Anybody going to this besides me? :usaflag:


----------



## psrumors (Apr 25, 2004)

I will do my best to be there. Have had a sick wife for the past 3 weeks who is on the road to recovery. If she continues to do well I will be there.


----------



## Steve (Oct 20, 2004)

If you go, will you be bringing a tractor?


----------



## psrumors (Apr 25, 2004)

No tractor for me. How about you?

Anyone else going. Still looks like I may be able to make it. I would be there early Saturday morning. Got to get back for the GA / Auburn game at 3:30.


----------



## bontai Joe (Sep 16, 2003)

I hope that if anyone goes, that they give the rest of us a full report on what you saw, how was the food, and post some pics if possible.

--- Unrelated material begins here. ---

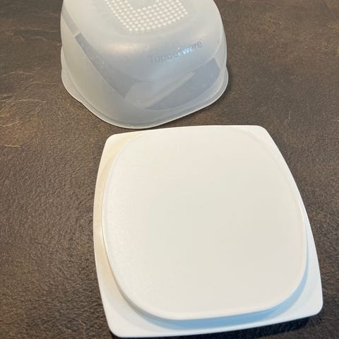 Tupperware ostebox med låg hvid plast
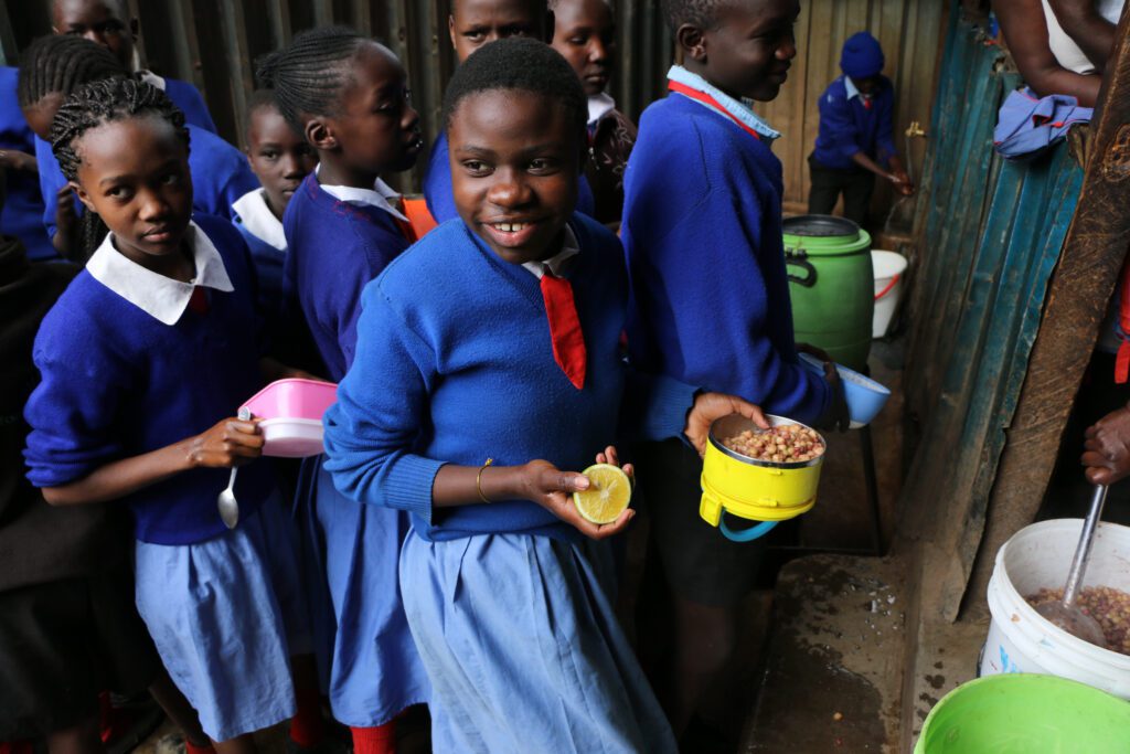 Evelyn is a firm believer in the power of school lunches to keep kids in school. “Without school lunches, these children would end up on the streets. The green vegetables are a welcome addition — the food is more nutritious.”

Thanks in advance.


----------



## psrumors (Apr 25, 2004)

If I make it Joe I will have camera in hand and money in pocket (for food of course).


----------



## Steve (Oct 20, 2004)

I should be there sometime Saturday. I dont think it will be early though. Probably around 11 or so. I will have my camera as well. 

I will not be bringing the 22 this time. I have to buy a trailer this winter before I start going to shows. 

Steve:bigusa:


----------